Data items
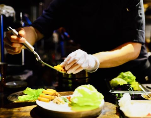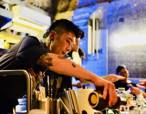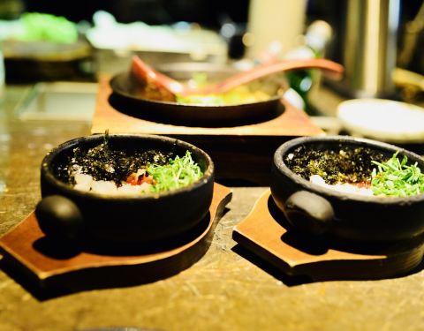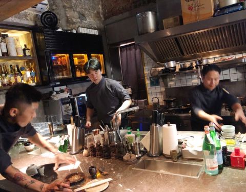 韩式创意居酒屋,吧台座位围绕着开放厨房
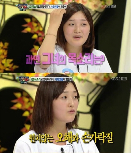 아기목소리녀는 “목소리때문에 또래 친구들로부터 ‘귀여운 척 하려한다’는 오해를 받아 이유없이 미운 시선도 받아야 했다”고 토로했다.
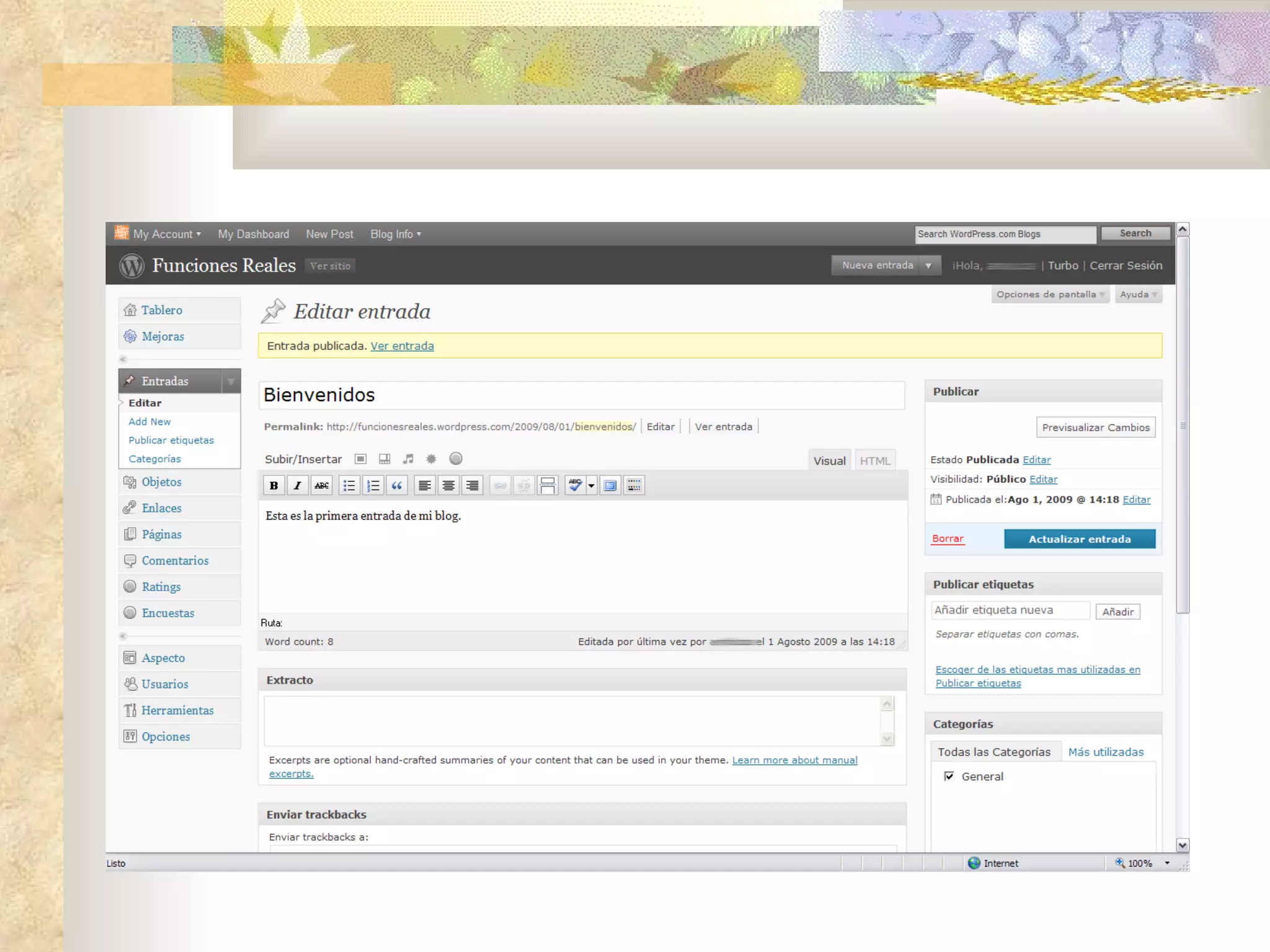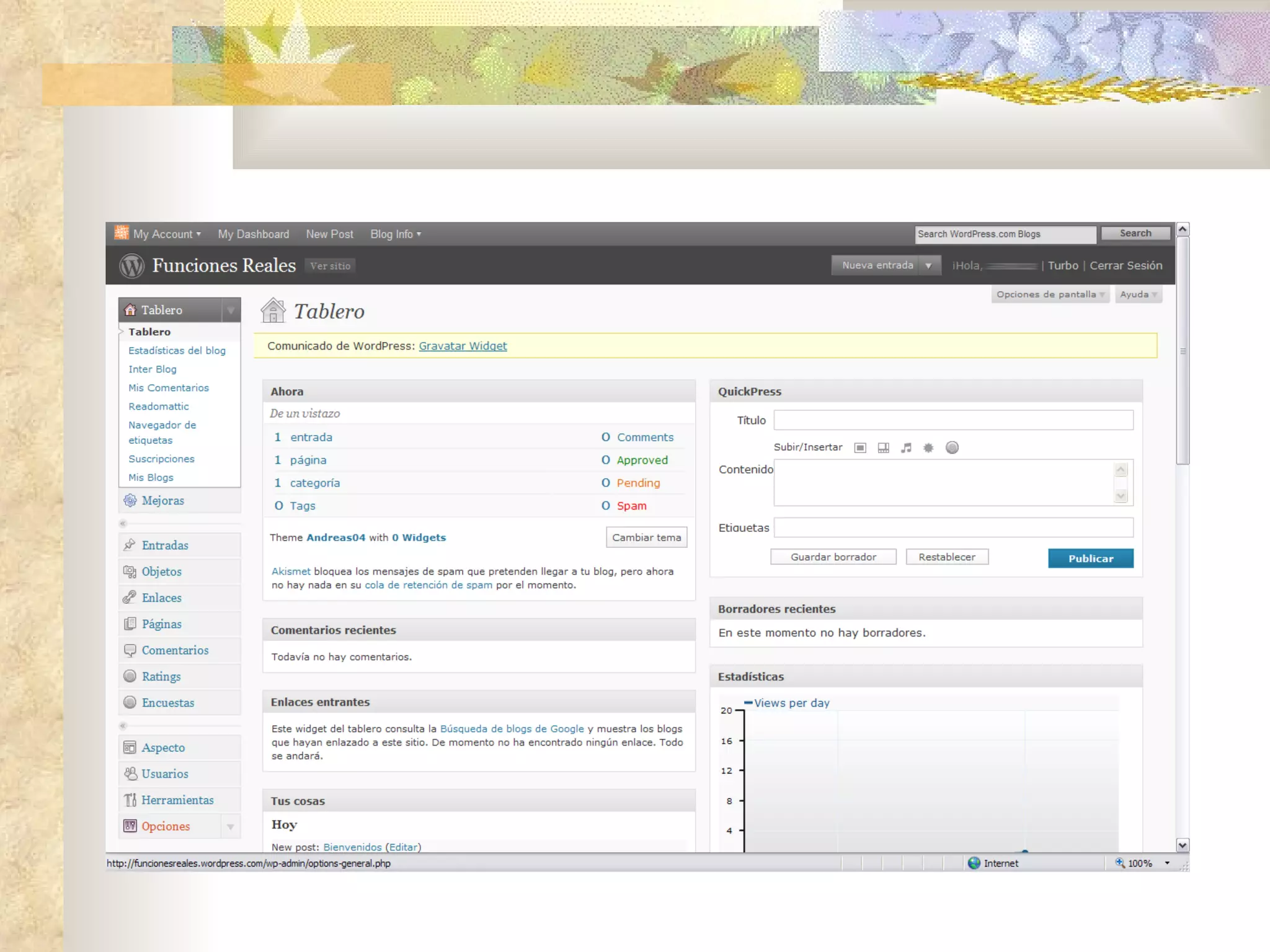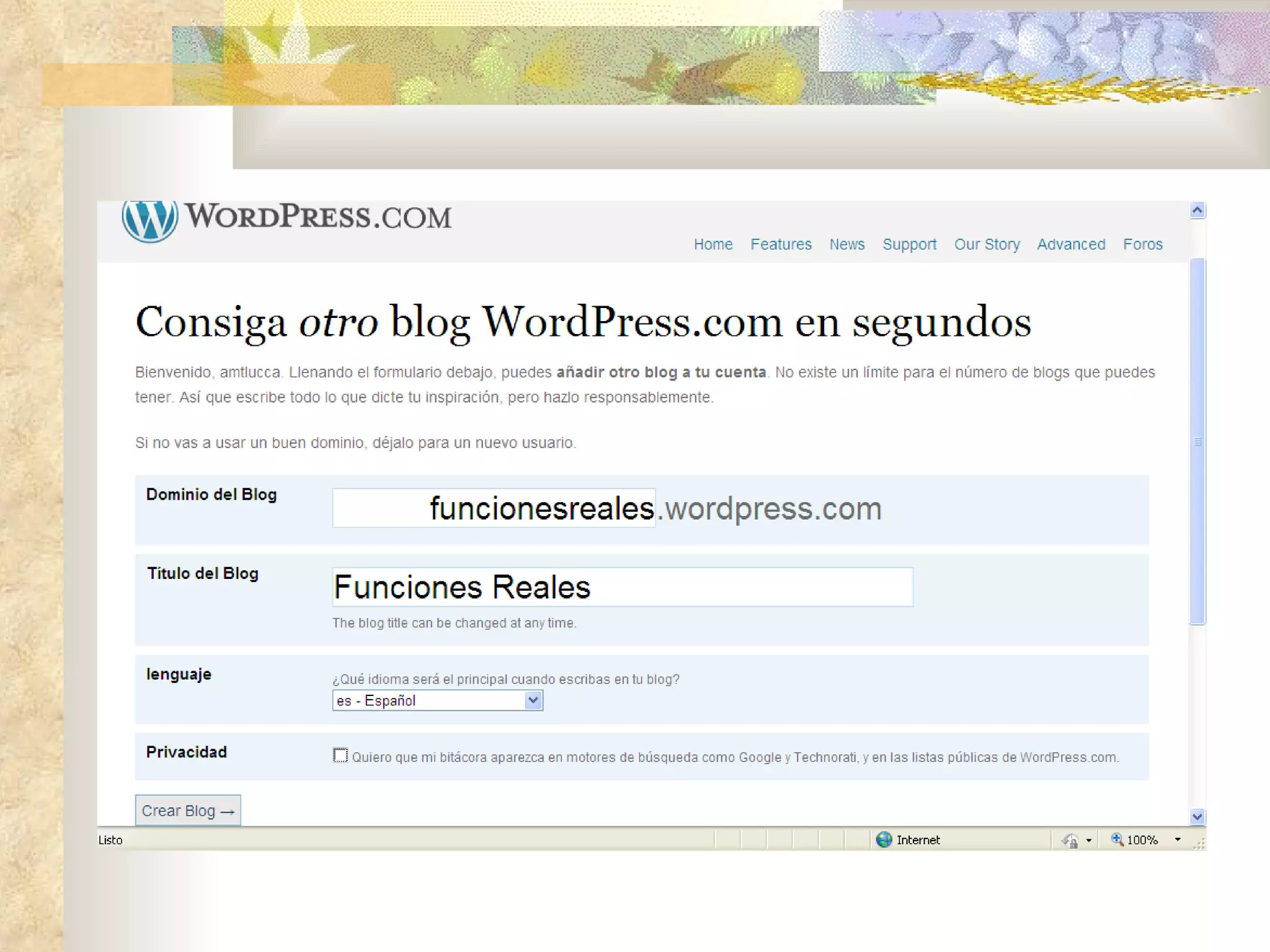 Este documento proporciona instrucciones paso a paso para crear un blog en WordPress.com. Explica cómo crear una cuenta de usuario, generar un nuevo blog eligiendo un nombre y dirección URL, y personalizar la apariencia y configuración del blog mediante la selección de un tema y la modificación de opciones y privacidad.
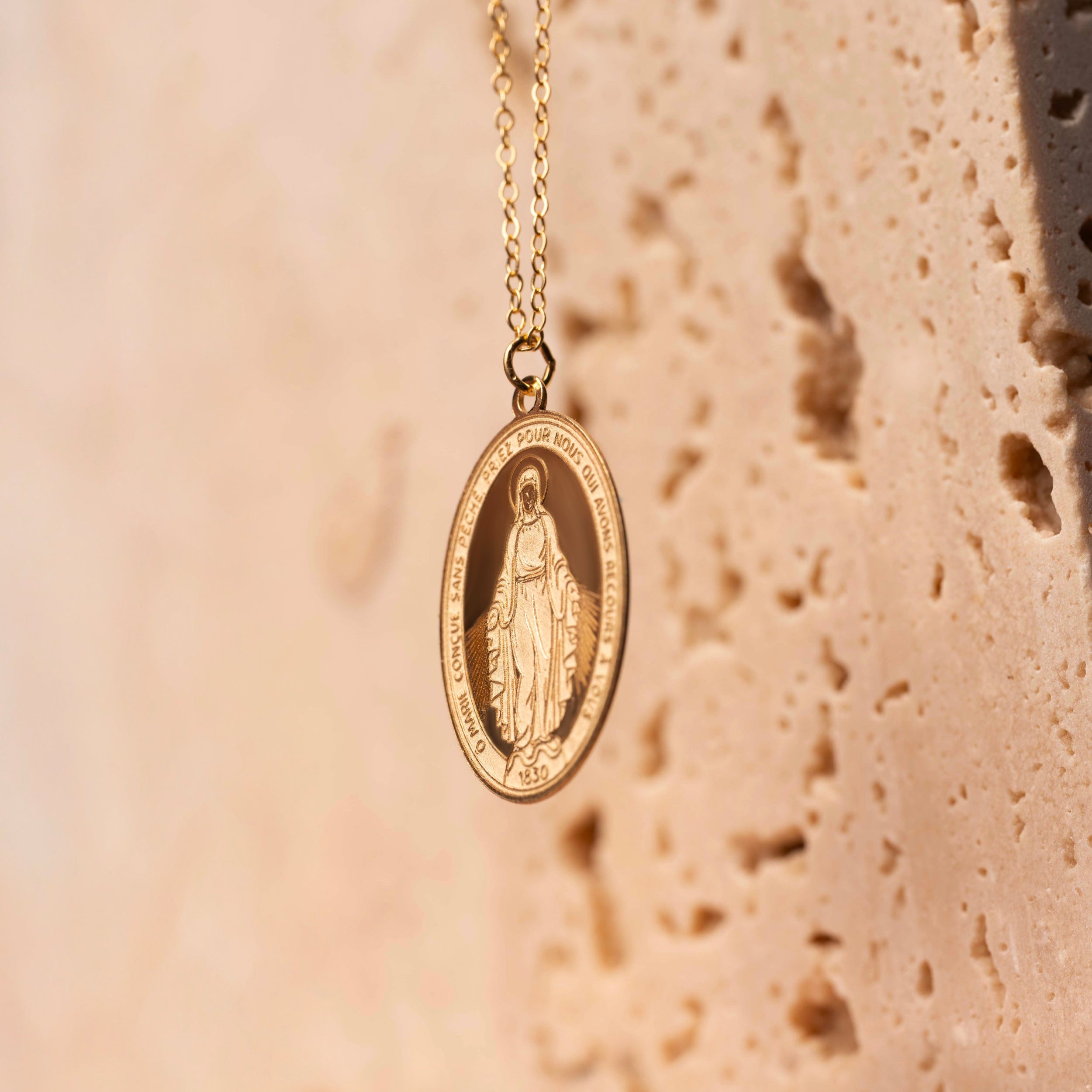Al centro, la Madonna Miracolosa, incisa con cura e rispetto, diventa simbolo di protezione e luce quotidiana.
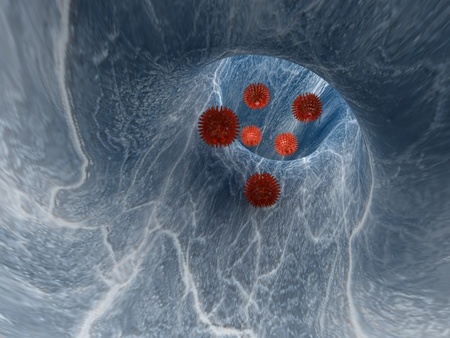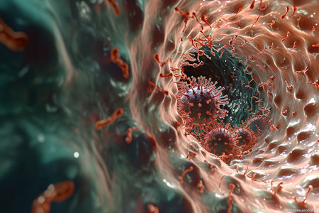 Microscopic view of a virus inside the bloodstream, AI Generated. Ideal for medical education and health awareness campaigns.
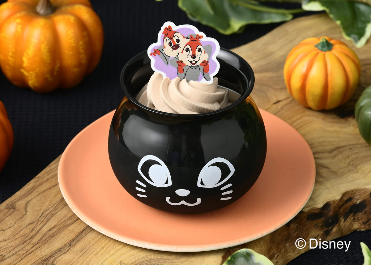 黒猫がモチーフの器に入った、ハロウィンにぴったりなスイーツです。
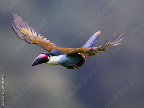 Naklejka premium Black-billed Mountain-Toucan Flying Through Tropical Cloud Forest Habitat
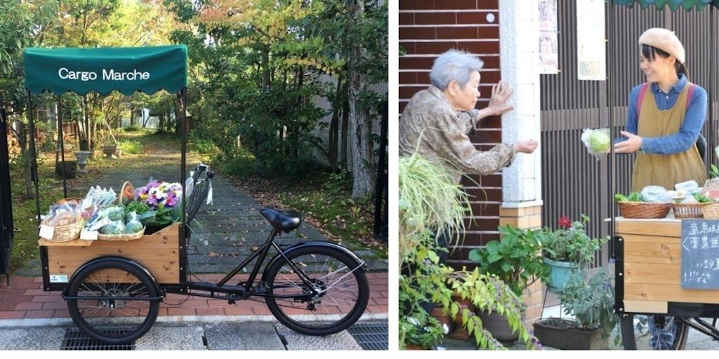2019/03/31少子高齢の進む市街地にベルを鳴らしながら走る"カーゴマルシェ" 三輪自転車で買い物難民に新鮮で安心な野菜や花を定期的にお届けしています。週1~2回なので使わない日を利活用するアイデアとやって頂く方を募集~! 同時に現在行っている野菜・花の販売をやってみたい方も募集~!
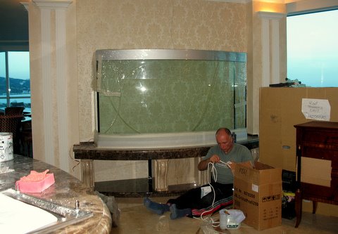 Фото 6,7. Первый в Украине цилиндрический аквариум 12т из стекла, 2005г.
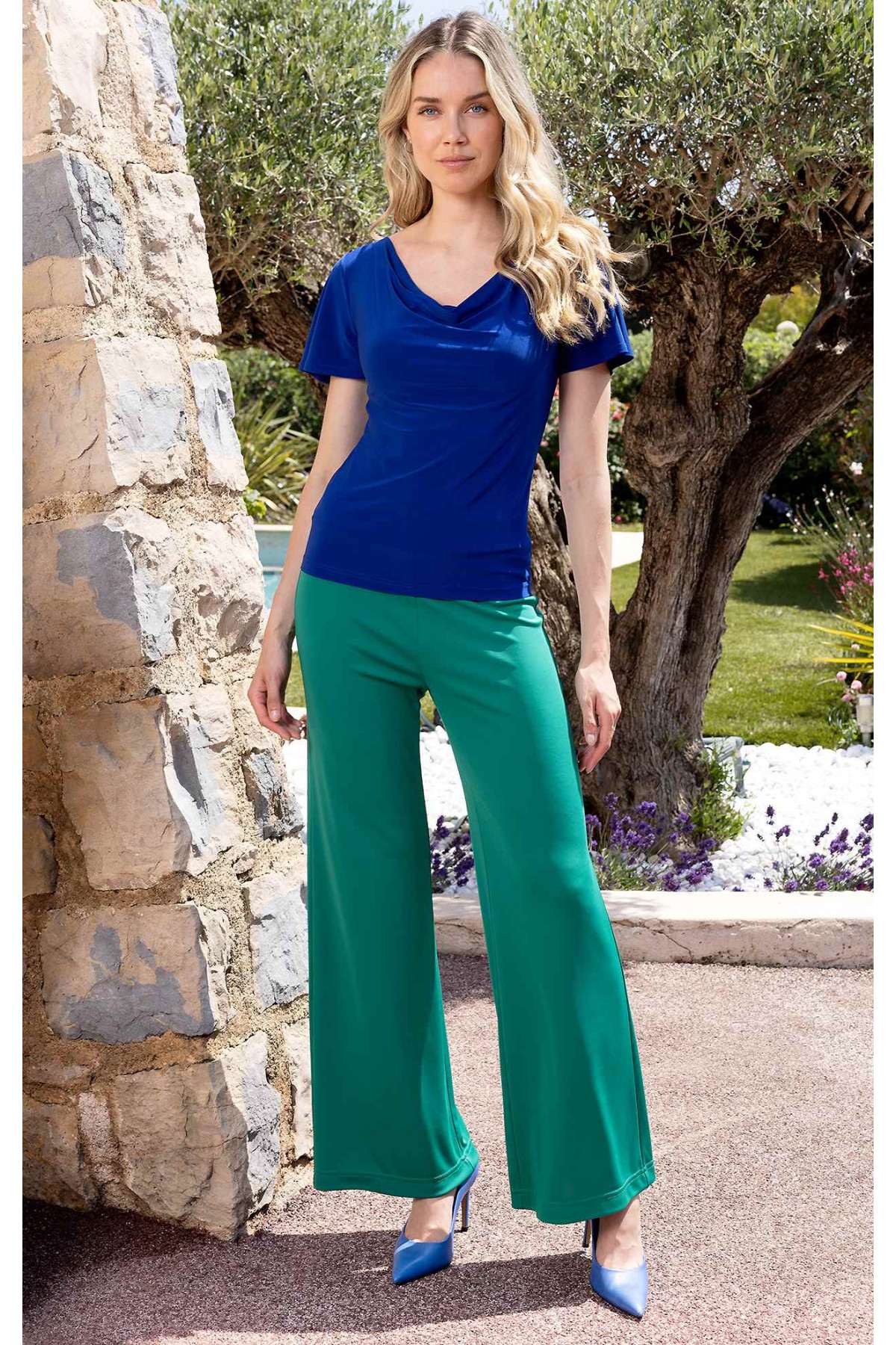 Bluză elegantă cu decolteu drapat și mânecă scurtă de culoare Ultamarine
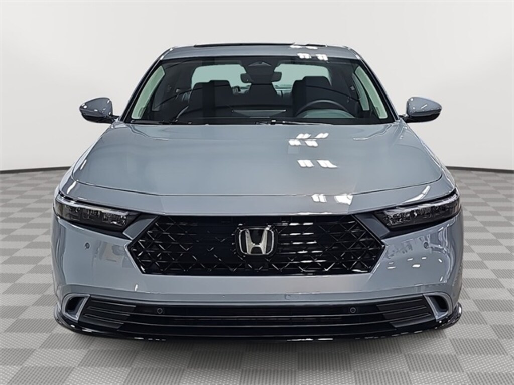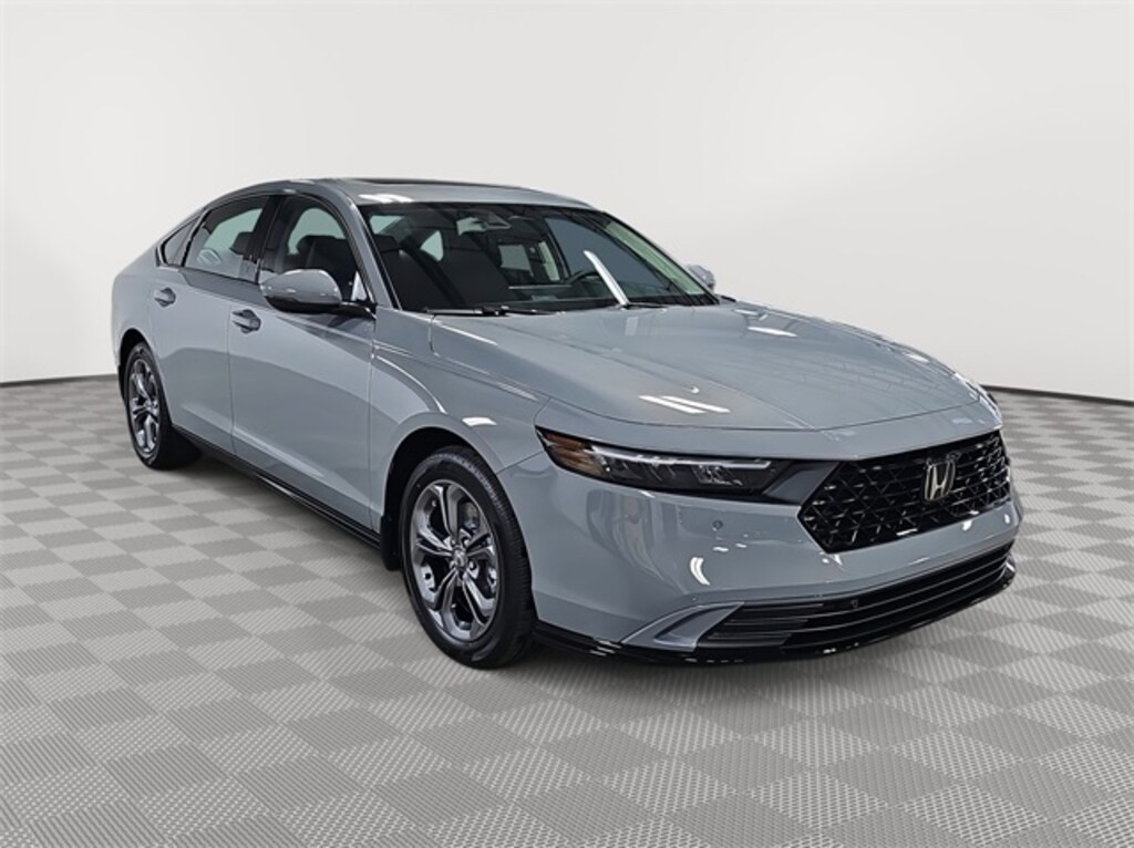 This 2025 Honda Accord Hybrid EX-L in Urban Gray Pearl features: 2.0L I4 DOHC 16V, 2.0L I4 DOHC 16V, 4-Wheel Disc Brakes, 8 Speakers, ABS brakes, Adaptive Cruise Control: Adaptive Cruise Control (ACC) with Low-Speed Follow, Air Conditioning, Alloy wheels, AM/FM radio, Apple CarPlay/Android Auto, Auto High-beam Headlights, Auto-dimming Rear-View mirror, Automatic temperature control, Blind Spot Information (BSI) System warning, Brake assist, Bumpers: body-color, Compass, Delay-off headlights, Driver door bin, Driver vanity mirror, Dual front impact airbags, Dual front side impact airbags, Electronic Stability Control, Emergency communication system: HondaLink, Exterior Parking Camera Rear, Four wheel independent suspension, Front anti-roll bar, Front Bucket Seats, Front Center Armrest, Front dual zone A/C, Front reading lights, Fully automatic headlights, Heated door mirrors, Heated Front Bucket Seats, Heated front seats, Illuminated entry, Knee airbag, Lane departure: Lane Keeping Assist System (LKAS) active, Leather Shift Knob, Leather steering wheel, Leather-Trimmed Seat Trim, Low tire pressure warning, Memory seat, Occupant sensing airbag, Outside temperature display, Overhead airbag, Overhead console, Panic alarm, Passenger door bin, Passenger vanity mirror, Power door mirrors, Power driver seat, Power moonroof, Power passenger seat, Power steering, Power windows, Radio data system, Radio: 180-Watt Audio System, Rear anti-roll bar, Rear reading lights, Rear seat center armrest, Rear side impact airbag, Rear window defroster, Remote keyless entry, Security system, Speed control, Speed-sensing steering, Speed-Sensitive Wipers, Split folding rear seat, Steering wheel mounted audio controls, Telescoping steering wheel, Tilt steering wheel, Traction control, Trip computer, Turn signal indicator mirrors, Variably intermittent wipers, Wheels: 17" x 7.5J Pewter Gray.
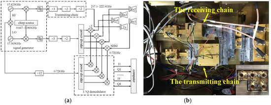 In order to further verify the effectiveness of the proposed SSCF technique, equivalent verification experiments in the laboratory environment were carried out. The schematic diagram of the THz radar system and the photograph of the front-end setup is shown in Figure 10. The five antennas were arranged in two rows, with three receiving antennas in the upper row and one transmitting antenna and one receiving antenna in the other row. R1 and R2 formed the vertical interferometric baseline, and R2 and R3 formed the horizontal interferometric baseline. Both the vertical and horizontal baseline lengths were 2.1 cm. R4 was ignored in the InISAR experiment. Besides InISAR imaging, this system also had many other potential applications such as InSAR imaging, ViSAR imaging, and micromotion target 3-D imaging. The THz radar system was based on the linear frequency modulated pulse principle. A chirped signal ranging from 217.1 to 222.1 GHz was transmitted, and the echo signals were received by the four receiving antennas.

What to do -> Would you write out exactly the lines above, starting at the line containing "또래 친구들로부터 ‘귀여운" and stopping after the line containing "Naklejka premium Black-billed"? Omit the pictures.

Result of the task ->
 아기목소리녀는 “목소리때문에 또래 친구들로부터 ‘귀여운 척 하려한다’는 오해를 받아 이유없이 미운 시선도 받아야 했다”고 토로했다.
 Este documento proporciona instrucciones paso a paso para crear un blog en WordPress.com. Explica cómo crear una cuenta de usuario, generar un nuevo blog eligiendo un nombre y dirección URL, y personalizar la apariencia y configuración del blog mediante la selección de un tema y la modificación de opciones y privacidad.
Al centro, la Madonna Miracolosa, incisa con cura e rispetto, diventa simbolo di protezione e luce quotidiana.
 Microscopic view of a virus inside the bloodstream, AI Generated. Ideal for medical education and health awareness campaigns.
 黒猫がモチーフの器に入った、ハロウィンにぴったりなスイーツです。
 Naklejka premium Black-billed Mountain-Toucan Flying Through Tropical Cloud Forest Habitat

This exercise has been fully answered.